- Born: 8 April 1703 Fourmirs, French Hainaut, France
- Died: September 1773 (aged 70) Avesnes-sur-Helpe, France
- Occupations: Violin maker, Notary
- Years active: c. 1749 – c. 1761 (violin making)
- Known for: 18th-century violin and cello craftsmanship; distinctive scroll design; instruments held in Brussels and Écouen collections

= Benoît-Joseph Boussu =

French violin maker (1703 - 1773)

Benoît-Joseph Boussu (8 April 1703 – September 1773) was an 18th-century French violin maker.

== Violin maker ==
Boussu was active in the Brussels area during the middle of the eighteenth century (c. 1749 – c. 1761). His making method incorporated both local archaic as well as foreign influences. The Musical Instrument Museum (Brussels) has several Boussu violins and cellos in its collection; two of these instruments are in unaltered condition. Boussu's instruments feature a very remarkable scroll with an extra half turn and a yellow-brown varnish.

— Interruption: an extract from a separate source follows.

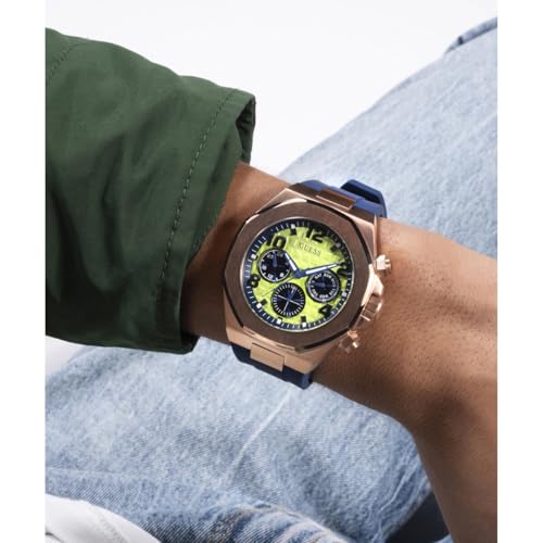 GUESS Men's 46mm Watch - Black Strap Black Dial Two-Tone Case

The Musée national de la Renaissance collection includes a pochette by Boussu.

== Personal life ==
Boussu was baptized on 8 April 1703 in Fourmies, Nord, France, and for the first half of his working life he worked in Avesnes-sur-Helpe, France, as a notary, while his father and grandfather also were notaries. In his 40s, he and his family moved north, subsequently to Liège (c. 1749 – c. 1750), Etterbeek (c. 1751 – 1753) and Brussels (1753 – c. 1761), and at the same time he commenced a twelve-year period of intensive violin making. He abandoned his newly acquired profession, and in the 1760s moved again, possibly to the Amsterdam area, where three of his children married and subsequently lived, or otherwise directly back to his native area of France (Avesnes-sur-Helpe), where he died in September 1773.